Let f (x) = ax ^ 2 + BX (a is not equal to 0) satisfy the following conditions: F (x) = f (- 2-x), the equation f (x) = x has two equal real roots (1) find the analytic expression of F (x) (2) if the inequality π ^ f (x) > (1 / π) ^ (2-tx) is in | t|

（1）
∵ f (x) = f (- 2-x), f (x) is a quadratic function
∴f(0)=f(-2)
The axis of symmetry of F (x) is x = - 1
That is - B / (2a) = - 1, B = 2A
f(x)=ax²+2ax
The equation f (x) = x has two equal real roots
That is ax & # 178; + 2aX = x,
That is, ax & # 178; + (2a-1) x = 0 has two equal real roots
∴2a-1=0
∴a=1/2
∴f(x)=1/2x²+x
(2)
Inequality π ^ f (x) > (1 / π) ^ (2-tx)
That is, π ^ f (x) > π ^ (TX-2)
That is f (x) > TX-2
That is 1 / 2x & # 178; + x > TX-2
That is, xt-1 / 2x & # 178; - X-2 X & # 178; - 2x + 4 > 0 = = > x ∈ R
The value range of real number x is x-3 + √ 5
The difference between the definition of junior high school function and senior high school function
I know the difference between definition and concept
There is a difference, junior high school definition only emphasizes that x is an independent variable, y is a dependent variable, and the learned functions such as first-order, quadratic, proportional, inverse function and other basic functions
In senior high school, the concept of mapping is used in the definition of functions, and the functions learned are also upgraded, including exponential, logarithmic, trigonometric and other functions that are required in the college entrance examination
difficulty
It is known that the vertex coordinates of the quadratic function y = f (x) are (- 32,49), and the difference between the two real roots of the equation f (x) = 0 is equal to 7
Let y = a (x + 32) 2 + 49, let y = 0, we can get AX2 + 3ax + 94A + 49 = 0, ∧ X1 + x2 = - 3, x1 · x2 = a + 4 × 494A, ∧ x1-x2 | = (x1 + x2) 2 − 4x1x2 = 9 − 9A − 49 × 4 = 7, the solution is a = - 2369
What are the essential differences between the concept of function in junior high school, the concept of function in senior high school and the concept of function in university?

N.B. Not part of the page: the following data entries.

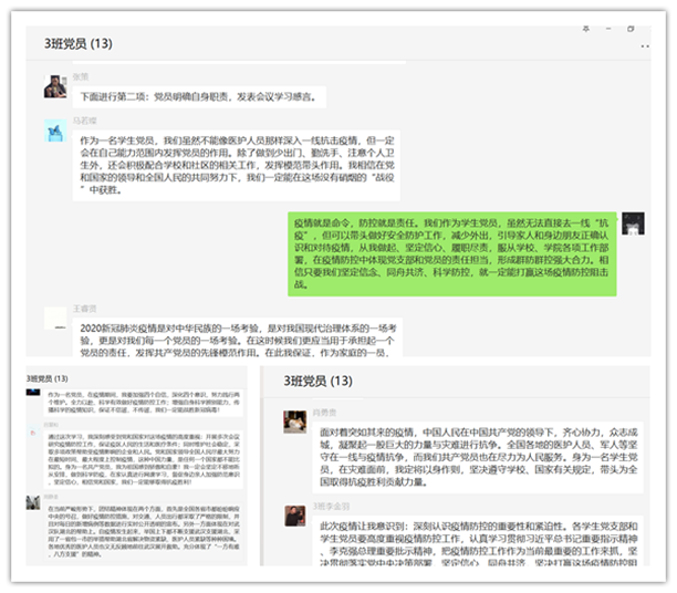 紧接着,王睿贤、裴子晨、王瀚晨、汤菀晨、王紫荆等10位同志也纷纷发表了自己的学习感想。身处武汉的王紫荆同志,首先表达了她对全社会无私帮助的感恩,对同学老师亲切关怀的感谢。作为武汉市民的她,在这些日子里,服从学校安排,不聚餐、不窜门、勤洗手、勤消毒、戴口罩,在家中进行线上课程学习和远程工作。支部成员纷纷对她在灾难时刻发挥党员带头作用的行为表示了赞许和鼓励。
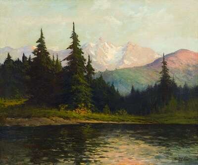 ROBERT WOOD (AMERICAN 1889-1979) PINE TREES BY A LAKE
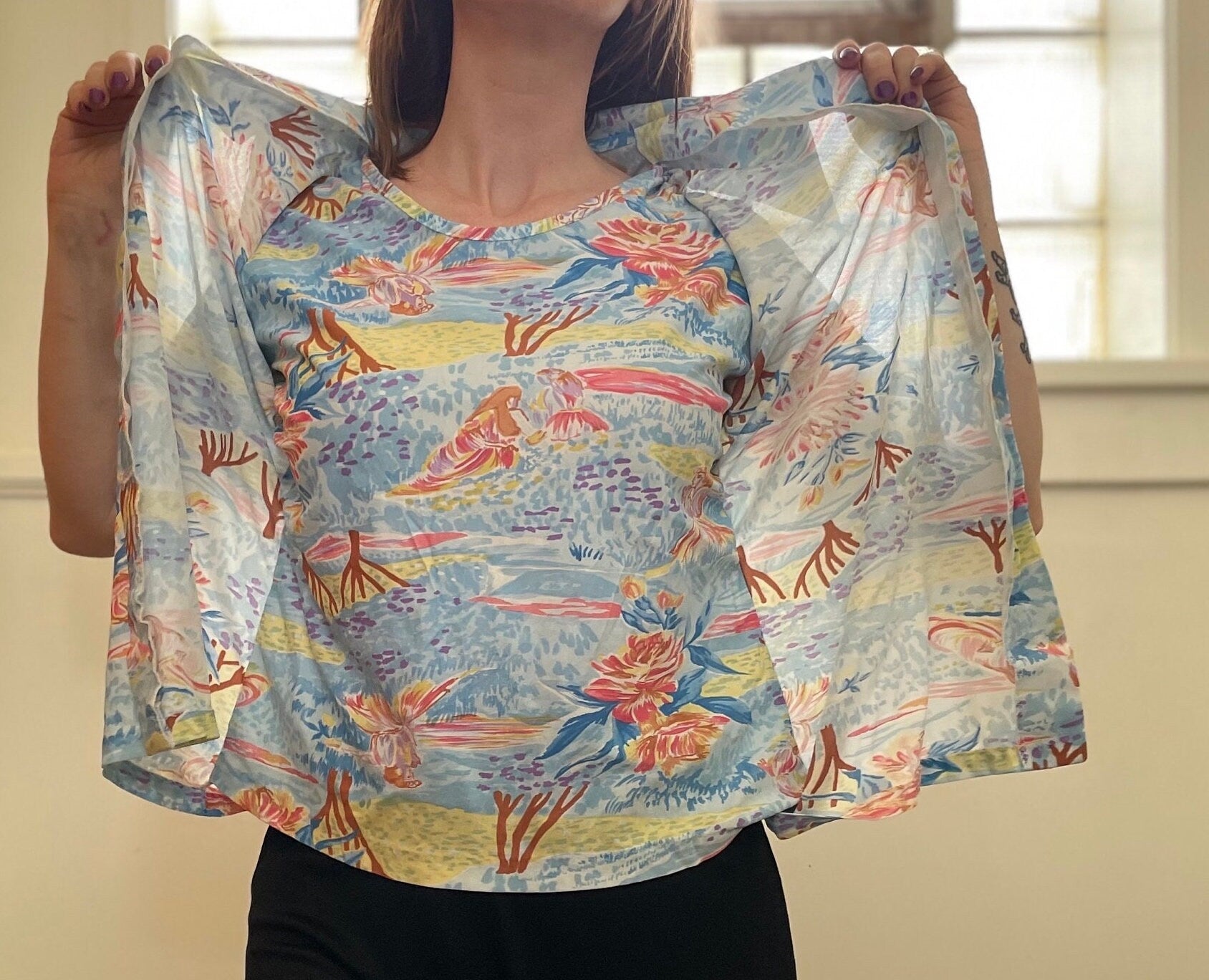 Vintage 70s Psychedelic Top / Layered Button Up Retro Top

The concept of function is essentially the relationship between an "object" and another "object". An object can have one or two "variables". It depends on how much you can understand and whether you can use them. This is the difference and connection
The essence is that junior high school students are different from senior high school students and college students. Different people give you different courses_ (laughter)~
Junior high school definition: function is a corresponding relationship, the main research analytic
High school definition: function is a kind of corresponding relationship based on two nonempty number sets, studying the three elements of function
The definition of function in university is the same as that in high school, but the research scope is wider, including multivariate function, complex variable, real variable function and so on
Junior high school, high school function is fur! It's the most basic part. University function has engineering significance and practical use! You want to be an engineer? University function must be! University of all kinds of functions to learn ~ ~ ~ after the course to use! It's all connected! Work hard, young man!
You'll get it when you get into the math department of the University. You'll know better when you graduate from college.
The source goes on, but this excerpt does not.